What the task asks: Retype all of the listing exactly, with no pictures.

Data for this exercise:
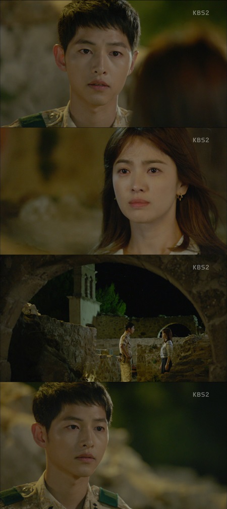 강모연은 절벽에 차가 위태롭게 매달리는 위기에 처했다. 이때 유시진이 나타나 강모연을 구했다. 유시진의 송별회를 알게 된 강모연은 그의 고백을 거절했고, 유시진은 파병기간이 끝나 한국으로 복귀했다. 하지만 우르크에 강한 지진이 발생하면서 유시진은 서대영(진구 분)과 함께 다시 우르크로 향했다. 유시진은 강모연의 풀린 신발 끈을 묶어주면서 그를 걱정했고, 그렇게 두 사람은 재난 현장에서 인명구조를 위해 다시 발걸음을 옮겼다.
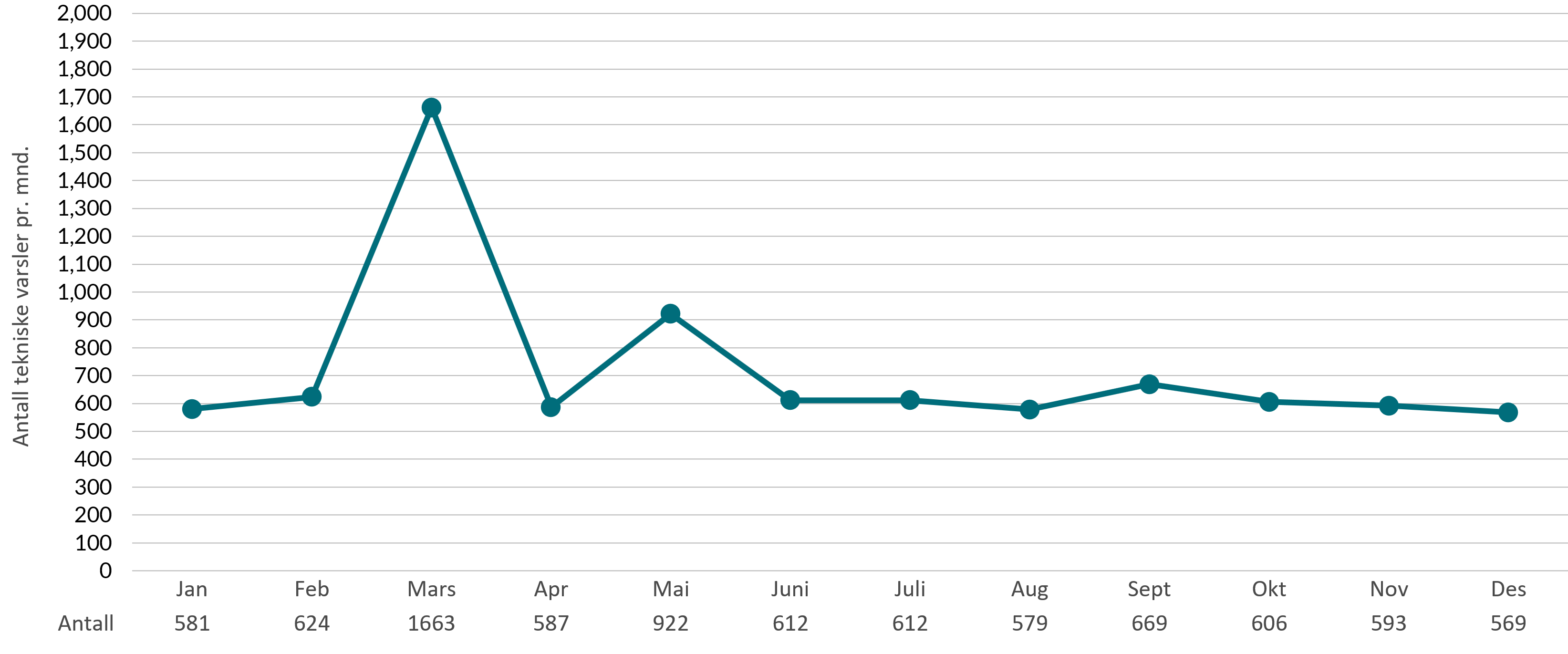Til forskjell fra første halvår der vi hadde noen topper på tekniske varsler pga nedetid, jevnes disse varslene ut i årets siste måneder. Det er en nedgang i tekniske varsler på 27 % fra første til siste halvår. En av årsakene til nedgangen kan være at teknologien er mer stabil og at tjenesteutøverne i våre samarbeidskommuner har fått høyere kompetanse innen bruk av velferdsteknologi.
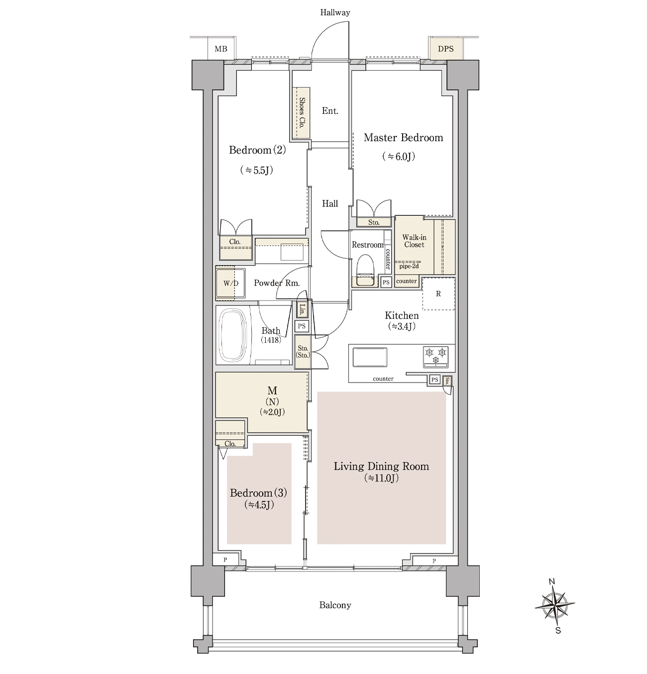 M:マルチルーム(納戸) WIC:ウォークインクローゼット
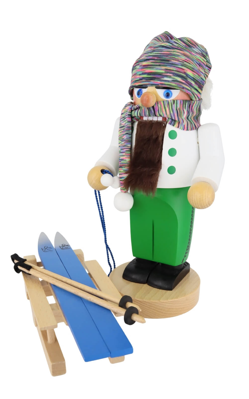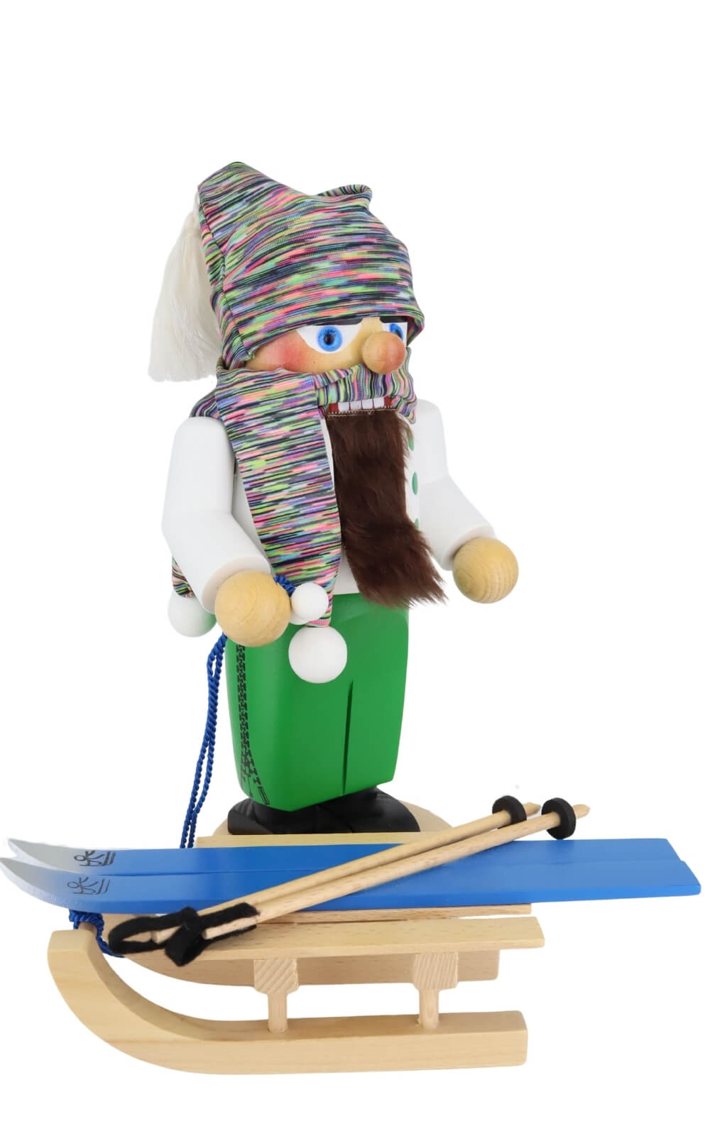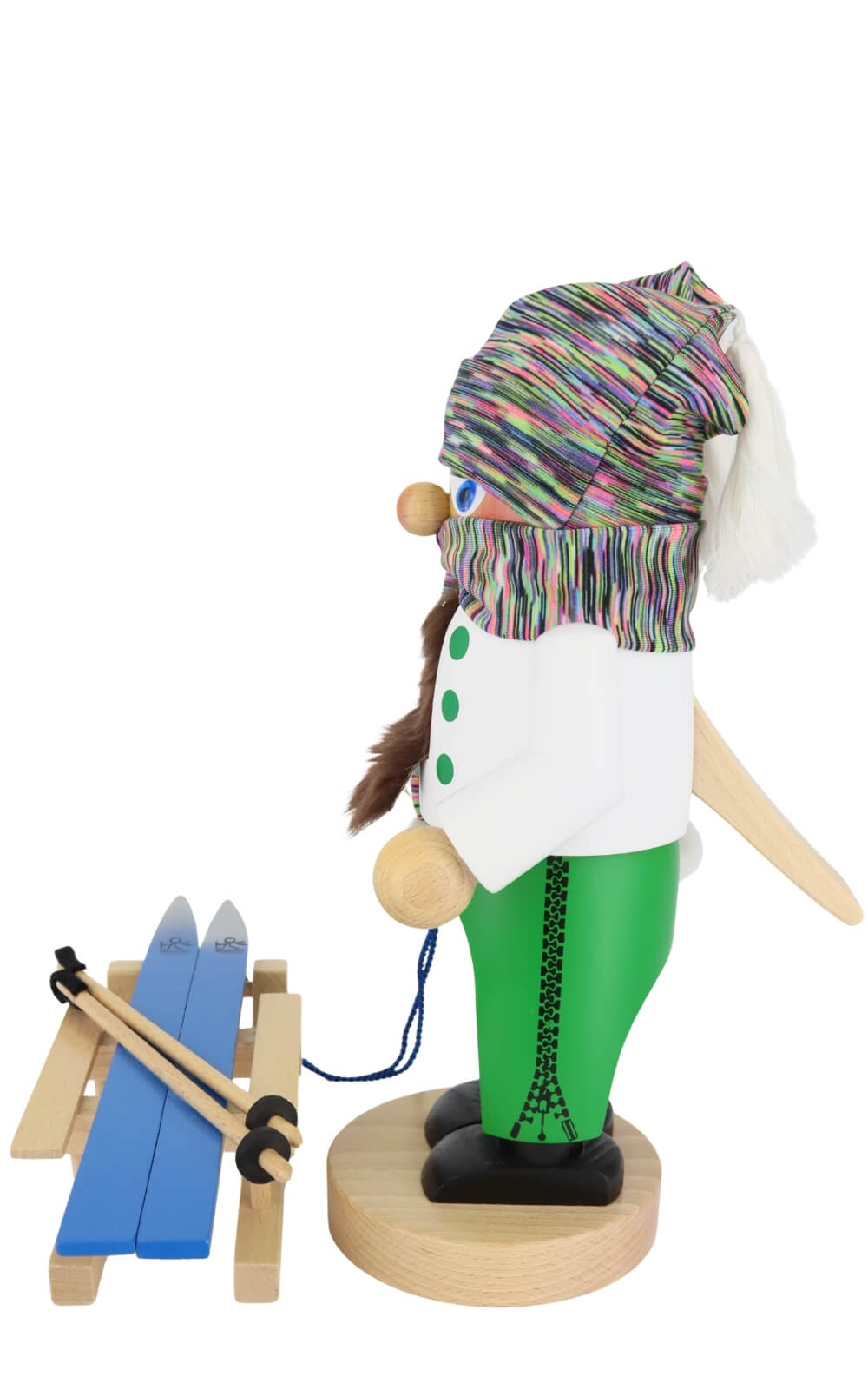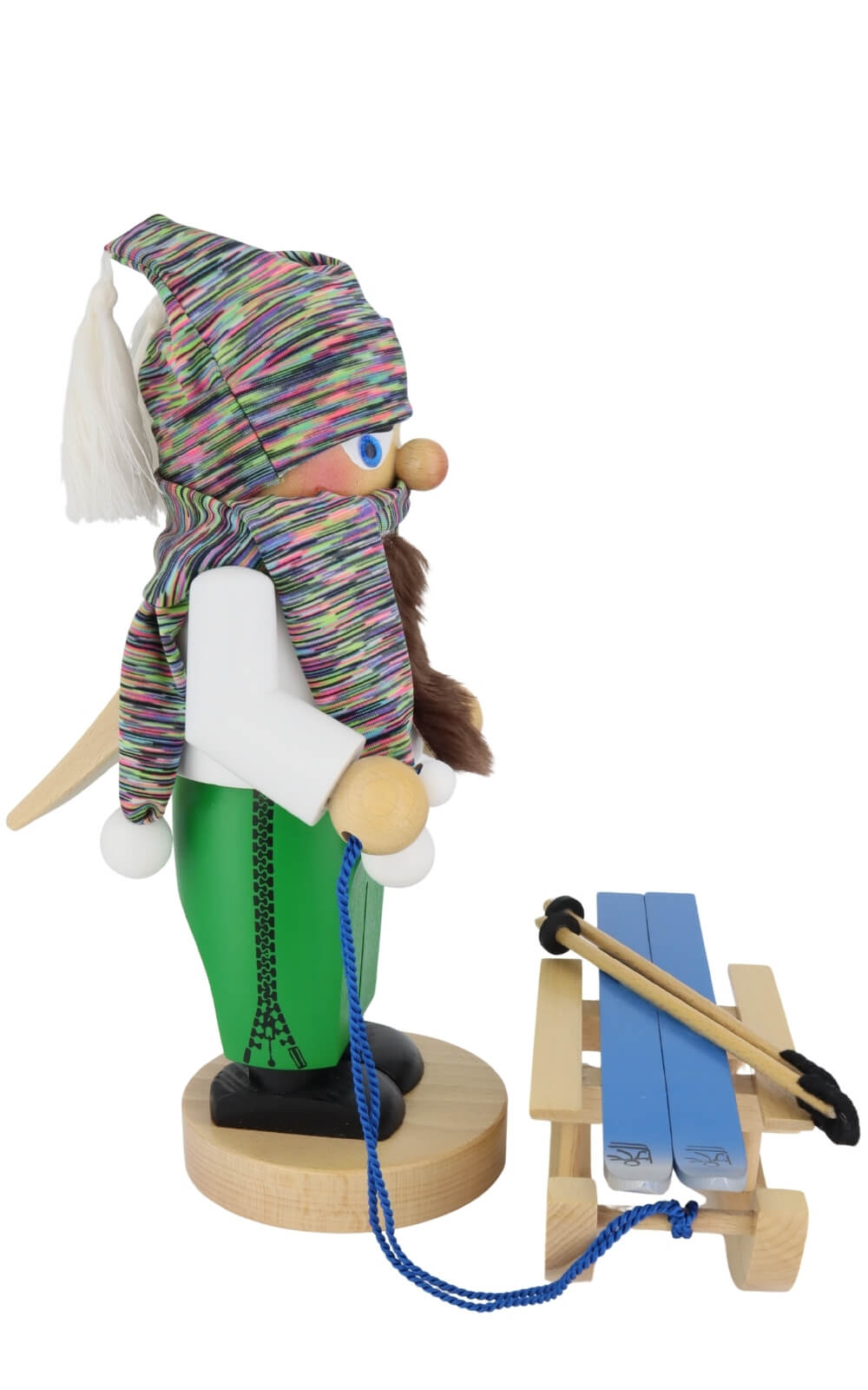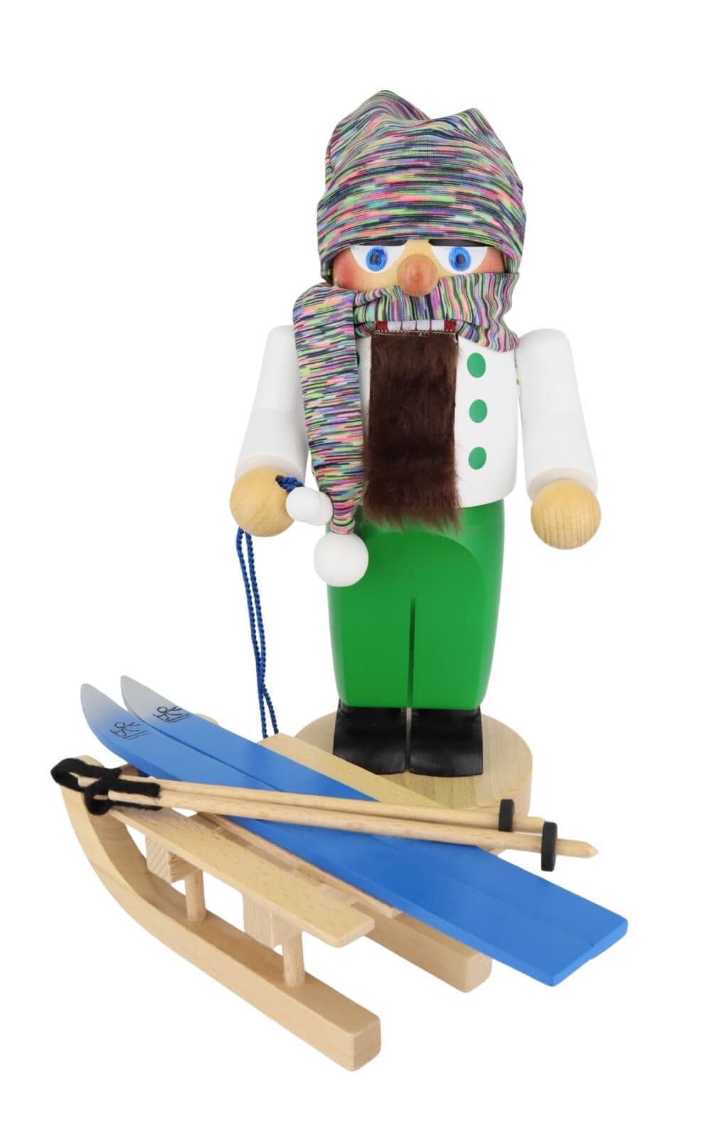 The figure of the skier on this unusual nutcracker brings a touch of winter sports and alpine flair into your home. Colorful and designed with great attention to detail, the nutcracker skier is a real eye - catcher. As befits a skier, the figure is dressed with warm hat and scarf. These accessories are intricately knitted. On a sled the winter sportsman transports his skis and ski poles to the downhill slope.
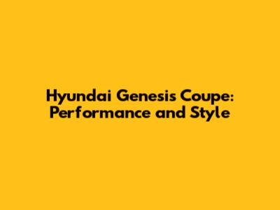 Hyundai Genesis Coupe: Performance And Style
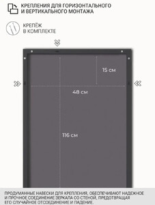 Зеркальное полотно AGC категории премиум не искажает и не затемняет отражение. Изделие укомплектовано прочными креплениями и готово к монтажу. Возможен горизонтальный и вертикальный монтаж. Зеркало подходит для эксплуатации в помещениях с повышенной влажностью. Благодаря своему лаконичному дизайну зеркало в алюминиевой раме идеально впишется в любой интерьер.
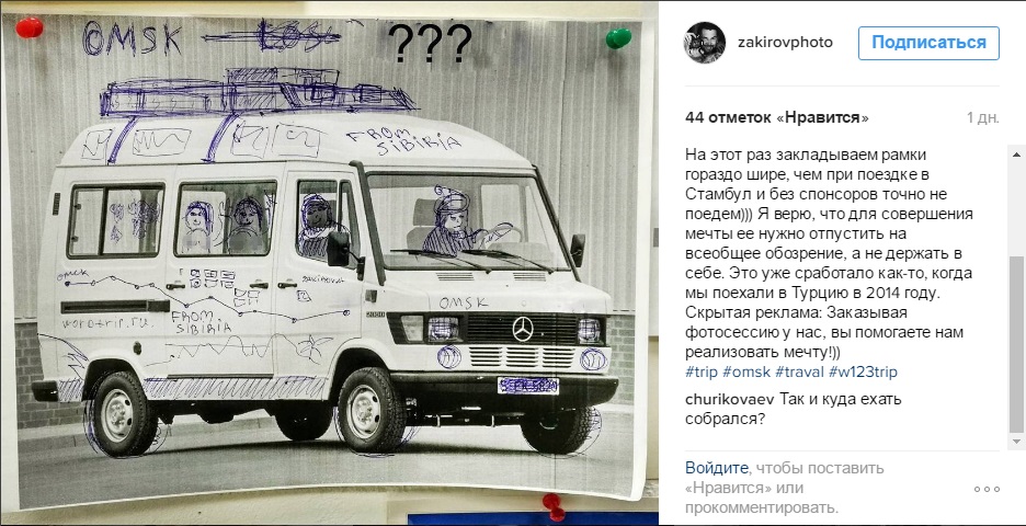 «А какие у вас планы на этот год?))))) Подготовиться к серьезному путешествию! Именно подготовиться. Сегодня мне приснился сон, в нем я купил такой микроавтобус! Проснулся уже с идеей: подготовить старенький микроавтобус к путешествию) На этот раз закладываем рамки гораздо шире, чем при поездке в Стамбул и без спонсоров точно не поедем))) Я верю, что для совершения мечты ее нужно отпустить на всеобщее обозрение, а не держать в себе. Это уже сработало как-то, когда мы поехали в Турцию в 2014 году», - пишет в своем аккаунте в Instagram фотограф.

Result of the task:
 강모연은 절벽에 차가 위태롭게 매달리는 위기에 처했다. 이때 유시진이 나타나 강모연을 구했다. 유시진의 송별회를 알게 된 강모연은 그의 고백을 거절했고, 유시진은 파병기간이 끝나 한국으로 복귀했다. 하지만 우르크에 강한 지진이 발생하면서 유시진은 서대영(진구 분)과 함께 다시 우르크로 향했다. 유시진은 강모연의 풀린 신발 끈을 묶어주면서 그를 걱정했고, 그렇게 두 사람은 재난 현장에서 인명구조를 위해 다시 발걸음을 옮겼다.
Til forskjell fra første halvår der vi hadde noen topper på tekniske varsler pga nedetid, jevnes disse varslene ut i årets siste måneder. Det er en nedgang i tekniske varsler på 27 % fra første til siste halvår. En av årsakene til nedgangen kan være at teknologien er mer stabil og at tjenesteutøverne i våre samarbeidskommuner har fått høyere kompetanse innen bruk av velferdsteknologi.
 M:マルチルーム(納戸) WIC:ウォークインクローゼット
 The figure of the skier on this unusual nutcracker brings a touch of winter sports and alpine flair into your home. Colorful and designed with great attention to detail, the nutcracker skier is a real eye - catcher. As befits a skier, the figure is dressed with warm hat and scarf. These accessories are intricately knitted. On a sled the winter sportsman transports his skis and ski poles to the downhill slope.
 Hyundai Genesis Coupe: Performance And Style
 Зеркальное полотно AGC категории премиум не искажает и не затемняет отражение. Изделие укомплектовано прочными креплениями и готово к монтажу. Возможен горизонтальный и вертикальный монтаж. Зеркало подходит для эксплуатации в помещениях с повышенной влажностью. Благодаря своему лаконичному дизайну зеркало в алюминиевой раме идеально впишется в любой интерьер.
 «А какие у вас планы на этот год?))))) Подготовиться к серьезному путешествию! Именно подготовиться. Сегодня мне приснился сон, в нем я купил такой микроавтобус! Проснулся уже с идеей: подготовить старенький микроавтобус к путешествию) На этот раз закладываем рамки гораздо шире, чем при поездке в Стамбул и без спонсоров точно не поедем))) Я верю, что для совершения мечты ее нужно отпустить на всеобщее обозрение, а не держать в себе. Это уже сработало как-то, когда мы поехали в Турцию в 2014 году», - пишет в своем аккаунте в Instagram фотограф.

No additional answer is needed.